WHAT IS EXPECTED
What needs reproducing is the run of lines in the data below starting at the line with "Happy ornament silversmith" and ending at the line with "Damon and Elena", both ends included. Copy it exactly, without pictures, and add nothing.
RECORDS Start Marker
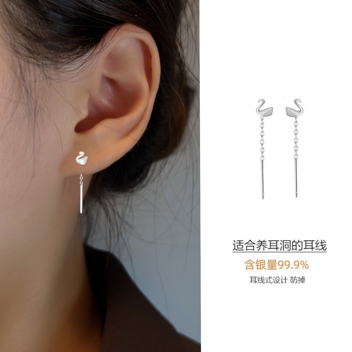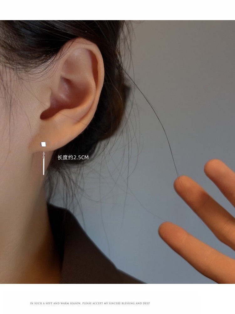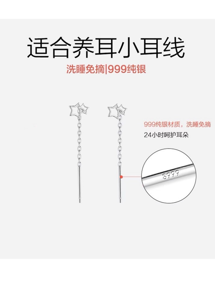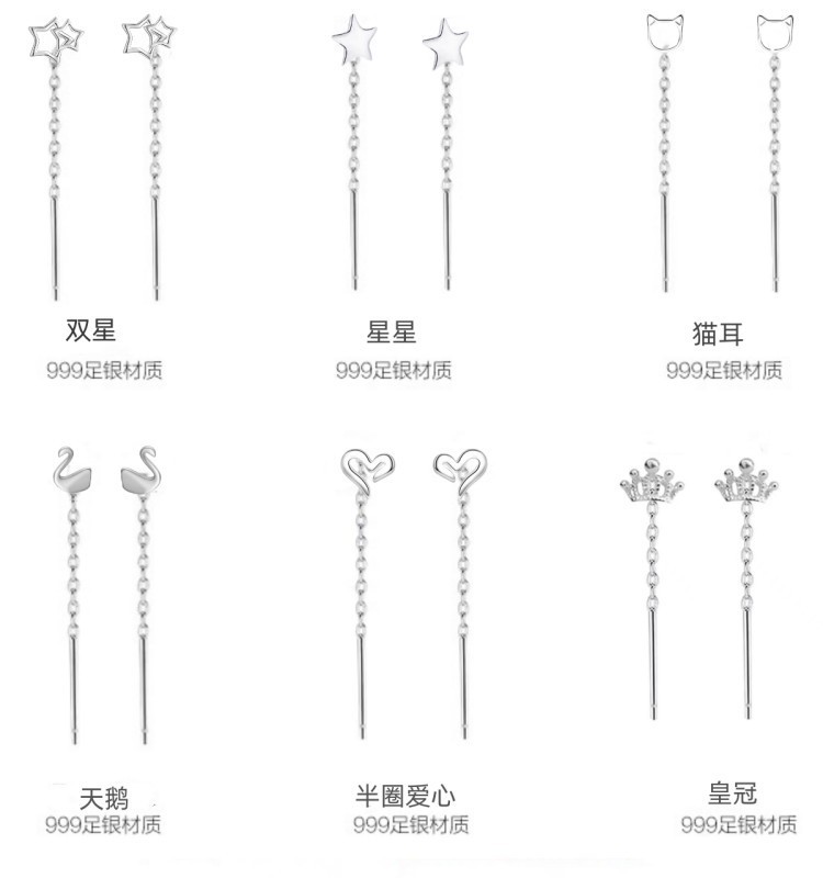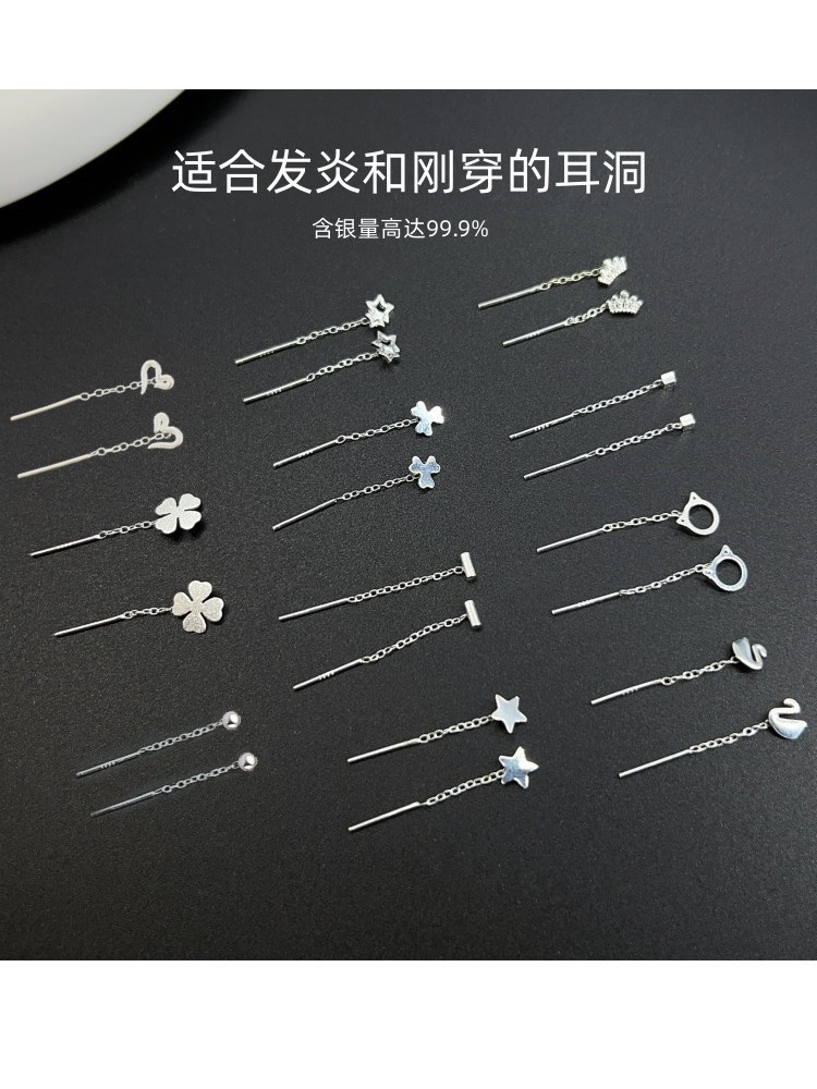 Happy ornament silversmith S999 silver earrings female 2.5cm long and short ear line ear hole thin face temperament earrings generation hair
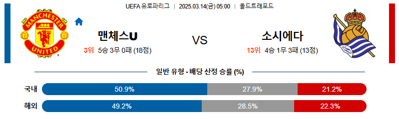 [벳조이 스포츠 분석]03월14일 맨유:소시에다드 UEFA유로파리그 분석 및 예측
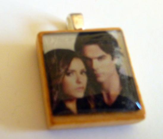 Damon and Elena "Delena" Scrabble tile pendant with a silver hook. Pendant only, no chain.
RECORDS End Marker
RECORDS Start Marker
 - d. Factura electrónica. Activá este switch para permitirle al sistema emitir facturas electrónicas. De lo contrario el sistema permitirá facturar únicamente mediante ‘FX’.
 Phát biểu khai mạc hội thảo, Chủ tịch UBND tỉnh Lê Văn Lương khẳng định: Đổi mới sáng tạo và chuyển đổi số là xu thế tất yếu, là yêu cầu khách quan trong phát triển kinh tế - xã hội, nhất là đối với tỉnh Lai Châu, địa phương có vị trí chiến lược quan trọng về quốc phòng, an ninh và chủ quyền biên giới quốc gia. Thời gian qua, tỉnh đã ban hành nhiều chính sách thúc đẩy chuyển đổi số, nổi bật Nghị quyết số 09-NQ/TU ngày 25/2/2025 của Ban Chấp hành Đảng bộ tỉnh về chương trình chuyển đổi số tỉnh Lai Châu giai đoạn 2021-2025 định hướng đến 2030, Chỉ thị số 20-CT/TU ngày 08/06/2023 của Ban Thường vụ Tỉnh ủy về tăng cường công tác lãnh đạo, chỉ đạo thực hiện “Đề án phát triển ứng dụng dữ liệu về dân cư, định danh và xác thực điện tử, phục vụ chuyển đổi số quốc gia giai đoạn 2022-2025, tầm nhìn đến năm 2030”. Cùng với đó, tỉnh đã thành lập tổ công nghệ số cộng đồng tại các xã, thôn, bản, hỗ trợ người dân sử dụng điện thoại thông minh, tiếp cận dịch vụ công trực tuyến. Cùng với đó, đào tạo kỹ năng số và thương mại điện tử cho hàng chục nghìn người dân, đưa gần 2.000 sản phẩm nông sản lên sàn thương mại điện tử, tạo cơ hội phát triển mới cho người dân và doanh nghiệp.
RECORDS End Marker
RESPONSE BELOW
 Happy ornament silversmith S999 silver earrings female 2.5cm long and short ear line ear hole thin face temperament earrings generation hair
 [벳조이 스포츠 분석]03월14일 맨유:소시에다드 UEFA유로파리그 분석 및 예측
 Damon and Elena "Delena" Scrabble tile pendant with a silver hook. Pendant only, no chain.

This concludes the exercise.